WHAT THE TASK REQUIRES:
Return each line, exactly as given, from the one containing "まずは第1弾として、七隈線の" through the end of the entries below, and skip the rest.

##### INFORMATION SUPPLIED #####

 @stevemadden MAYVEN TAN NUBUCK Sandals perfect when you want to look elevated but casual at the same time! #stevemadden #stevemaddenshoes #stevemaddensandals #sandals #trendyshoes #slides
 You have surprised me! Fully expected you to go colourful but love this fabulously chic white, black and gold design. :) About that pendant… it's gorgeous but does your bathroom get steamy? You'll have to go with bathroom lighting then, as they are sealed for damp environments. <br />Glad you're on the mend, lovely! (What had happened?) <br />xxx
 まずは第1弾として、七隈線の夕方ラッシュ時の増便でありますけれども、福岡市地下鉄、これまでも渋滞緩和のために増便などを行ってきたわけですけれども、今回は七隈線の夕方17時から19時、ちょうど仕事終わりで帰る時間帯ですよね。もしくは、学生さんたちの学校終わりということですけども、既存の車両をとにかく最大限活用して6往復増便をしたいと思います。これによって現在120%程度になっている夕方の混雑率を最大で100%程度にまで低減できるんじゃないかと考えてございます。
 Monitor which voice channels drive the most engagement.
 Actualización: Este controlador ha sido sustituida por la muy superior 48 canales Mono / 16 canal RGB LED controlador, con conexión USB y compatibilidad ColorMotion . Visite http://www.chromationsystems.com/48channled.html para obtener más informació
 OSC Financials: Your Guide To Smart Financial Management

#####

ANSWER FOR THE TASK:
 まずは第1弾として、七隈線の夕方ラッシュ時の増便でありますけれども、福岡市地下鉄、これまでも渋滞緩和のために増便などを行ってきたわけですけれども、今回は七隈線の夕方17時から19時、ちょうど仕事終わりで帰る時間帯ですよね。もしくは、学生さんたちの学校終わりということですけども、既存の車両をとにかく最大限活用して6往復増便をしたいと思います。これによって現在120%程度になっている夕方の混雑率を最大で100%程度にまで低減できるんじゃないかと考えてございます。
 Monitor which voice channels drive the most engagement.
 Actualización: Este controlador ha sido sustituida por la muy superior 48 canales Mono / 16 canal RGB LED controlador, con conexión USB y compatibilidad ColorMotion . Visite http://www.chromationsystems.com/48channled.html para obtener más informació
 OSC Financials: Your Guide To Smart Financial Management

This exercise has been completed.